Chernobyl Disaster

The Chernobyl disaster was a nuclear accident that occurred on 26 April 1986, at the Chernobyl Nuclear Power Plant in Ukraine (then in the Ukrainian Soviet Socialist Republic, part of the Soviet Union). It is considered the worst nuclear power plant accident in history and is the only level 7 event on the International Nuclear Event Scale.

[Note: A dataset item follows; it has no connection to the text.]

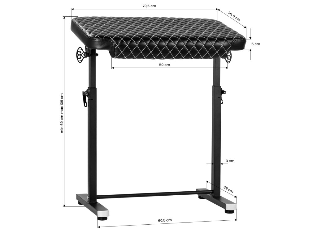 Výška podrúčky je nastaviteľná v rozmedzí 69-106 cm, čo umožňuje prispôsobiť ho rôznym klientom a zaručuje optimálna podpora počas tetovania. Vďaka funkcii nastavenia sklonu môžete polohu opierky prispôsobiť individuálnym potrebám klienta a vlastnostiam procedúry,poskytuje ešte väčší komfort počas tetovania.

The disaster occurred on 26 April 1986, at reactor number four at the Chernobyl plant, near the town of Pripyat (which had been built as home for the power plant workers) in the Ukrainian Soviet Socialist Republic, during a systems test. A sudden power output surge took place, and when an attempt was made for emergency shutdown, a more extreme spike in power output occurred which led to a reactor vessel rupture and a series of explosions. This event exposed the graphite moderator components of the reactor to air and they ignited; the resulting fire sent a plume of radioactive fallout into the atmosphere and over an extensive geographical area, including Pripyat.

 Photo:
The Bridge of Death!
The nearby city of Pripyat was not immediately evacuated after the incident. Only after radiation levels set off alarms at the Forsmark Nuclear Power Plant in Sweden over one thousand miles from the Chernobyl Plant did the Soviet Union admit that an accident had occurred. Nevertheless, authorities attempted to conceal the scale of the disaster. For example, in evacuating the city of Pripyat, the following warning message was read on local radio: "An accident has occurred at the Chernobyl Nuclear Power Plant. One of the atomic reactors has been damaged. Aid will be given to those affected and a committee of government inquiry has been set up." This message gave the false impression that any damage or radiation was localized.

The evacuation began at 2 p.m. on 27 April. To speed up the evacuation, the residents were told to bring only what was necessary since the authorities said it would only be temporary and would last approximately three days. An exclusion zone of 30 km (19 mi) remains in place today. After the disaster, four square kilometers of pine forest in the immediate vicinity of the reactor turned reddish-brown and died, earning the name of the "Red Forest". Some animals in the worst-hit areas also died or stopped reproducing. Most domestic animals were evacuated from the exclusion zone, but horses left on an island in the Pripyat River 6 km (4 mi) from the power plant died when their thyroid glands were destroyed by radiation doses of 150–200 Sv. Some cattle on the same island died and those that survived were stunted because of thyroid damage. The next generation appeared to be normal. A robot sent into the reactor itself has returned with samples of black, melanin-rich radiotrophic fungi that are growing on the reactor's walls.

The plume drifted over large parts of the western Soviet Union, Eastern Europe, Western Europe, and Northern Europe. Large areas in Ukraine, Belarus, and Russia had to be evacuated, with over 336,000 people resettled. According to official post-Soviet data, about 60% of the fallout landed in Belarus.

Four hundred times more radioactive material was released during this disaster than had been by the atomic bombing of Hiroshima. Despite the accident, Ukraine continued to operate the remaining reactors at Chernobyl for many years. The last reactor at the site was closed down in 2000, 14 years after the accident.